Taht effin sucks dude. I've had plenty of crap stolen in my life, but at least all my bikes have made it back to me. Hopefully you catch the snatcher, or the insurances covers you enough to get a new steed.


----------



## Moosey (May 18, 2010)

Thanks for the reply guys. I know I made a mistake.... I don't usually ride this bike to class, I bought an old junker DJ bike that I ride, that I don't care if it got stolen.... Well, gotta flat, and had art class that night. Might as well ride my slayer. I locked it in the bike rack right next to campus police, and thought I'd be good for an hour (It was still class time!). obviously not. Won't make that mistake again.

Talked to Nick Moore up at Ratking bikes. He's a huge help. He said with a bike like my slayer in the Utah area, it should show up. He's got a lot of bikers in the area on watch, at BYU, UVU, and other guys that don't go to school. I'm just trying to keep positive and hope for the best.

I called few pawnshops today, they said they are required to enter all available info about the bike in a police database, not just serial number.


----------



## Moosey (May 18, 2010)

well I'll be.. I read it wrong.
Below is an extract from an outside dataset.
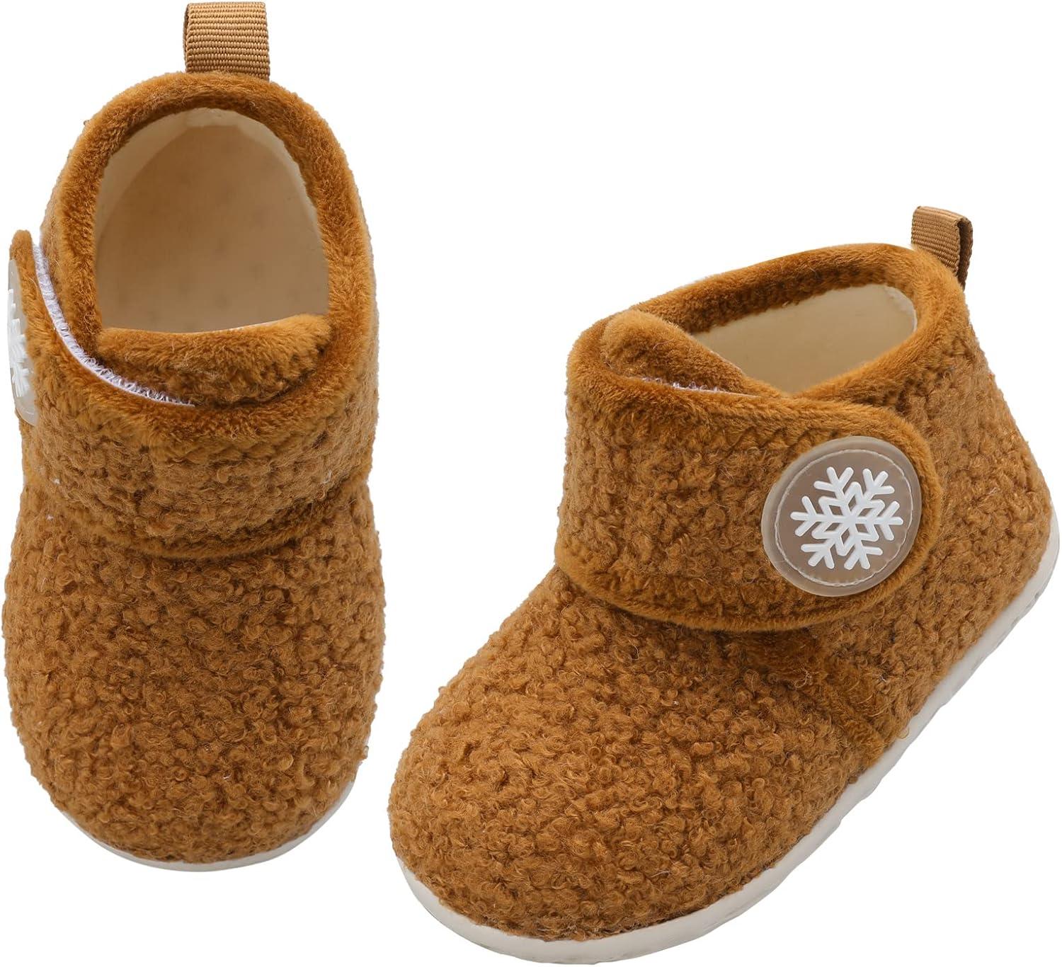 LeIsfIt Toddler Slippers Boys Girls House Slippers Kids Winter Boots Warm Lightweight House Shoes Non-slip Indoor Slipper Shoes(B-dark Brown)

At college my parents homeowners insurance only covers me up to 10% or their insurance policy.... So if their policy covers $100,000, I'm covered up to $10,000 at college. I dunno how much my parents covers though, but as long as it covers about $30,000 meaning I'm covered $3,000, I'm good to go. Not getting my hopes up though, all insurance companies are different, but because I live in a dorm, I should be covered.


----------



## snowpunk (Apr 17, 2007)

Shitty situation but hopefully the insurance has you covered. Good Luck!


----------



## delirian (Jan 1, 2009)

Tim F. said:


> Sucks. I used to park my bike in class at times, but never left it chained to a rack. The theives would steal what ever parts that weren't locked down. When ever you get a new ride, you seriously consider renters insurance, and make sure they cover REPLACEMENT VALUE. I had both of my bikes stolen last year and was able to replace my M1 with a new M9.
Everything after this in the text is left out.